**DIRECTIONS FOR THIS TASK**
Please transcribe the data exactly as shown, skipping the images.

**INFORMATION PROVIDED**
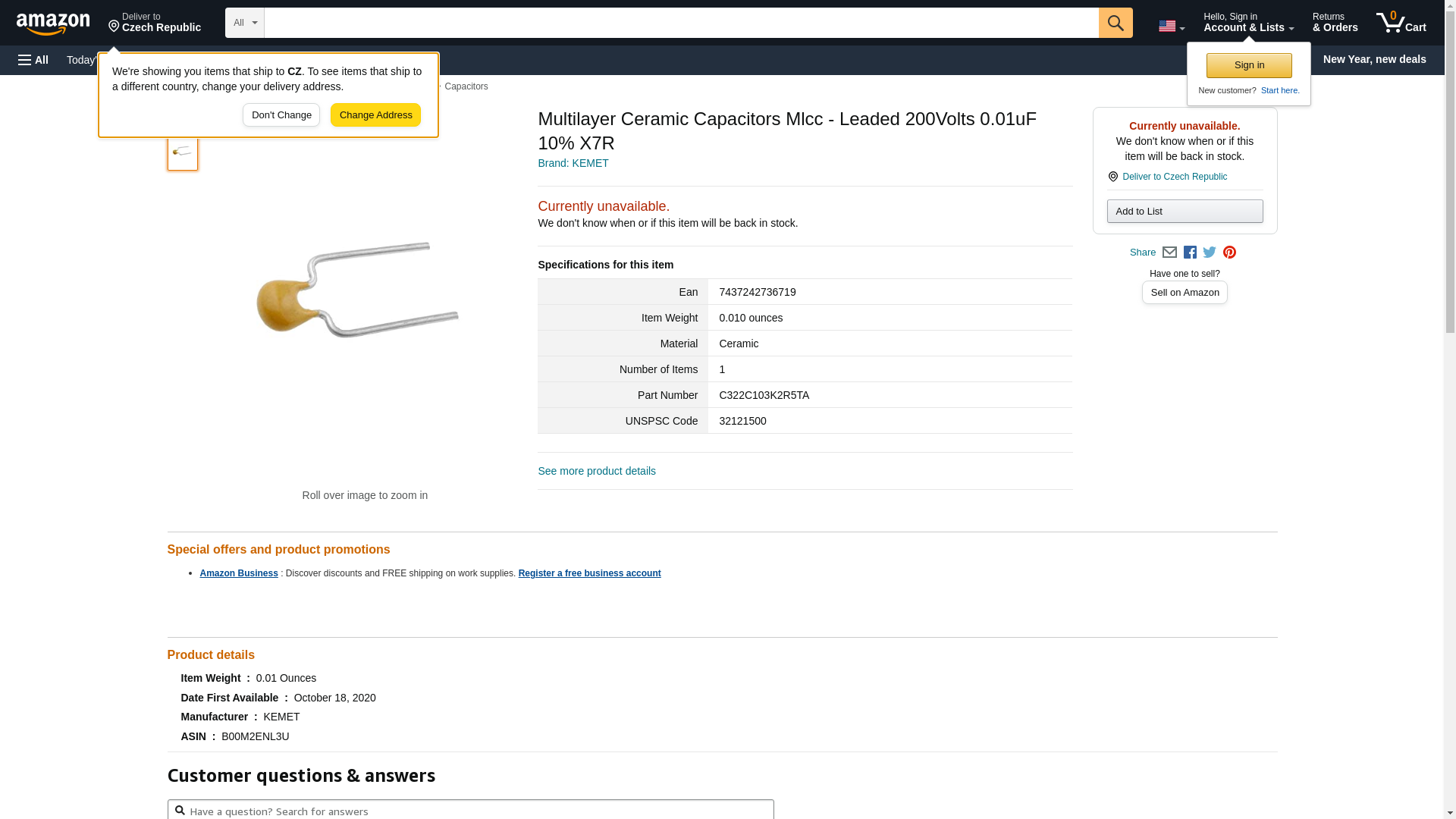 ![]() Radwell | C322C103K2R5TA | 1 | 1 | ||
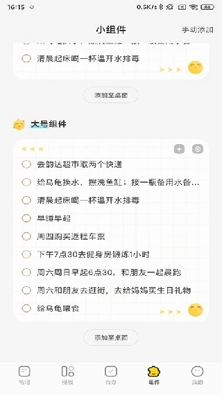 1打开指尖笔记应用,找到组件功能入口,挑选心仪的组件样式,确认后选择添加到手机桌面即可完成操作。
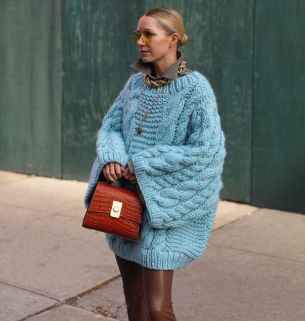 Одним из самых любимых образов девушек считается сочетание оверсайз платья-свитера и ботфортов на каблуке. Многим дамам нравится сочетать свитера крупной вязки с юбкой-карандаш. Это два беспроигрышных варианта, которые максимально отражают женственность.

**TASK RESPONSE**
 ![]() Radwell | C322C103K2R5TA | 1 | 1 | ||
 1打开指尖笔记应用,找到组件功能入口,挑选心仪的组件样式,确认后选择添加到手机桌面即可完成操作。
 Одним из самых любимых образов девушек считается сочетание оверсайз платья-свитера и ботфортов на каблуке. Многим дамам нравится сочетать свитера крупной вязки с юбкой-карандаш. Это два беспроигрышных варианта, которые максимально отражают женственность.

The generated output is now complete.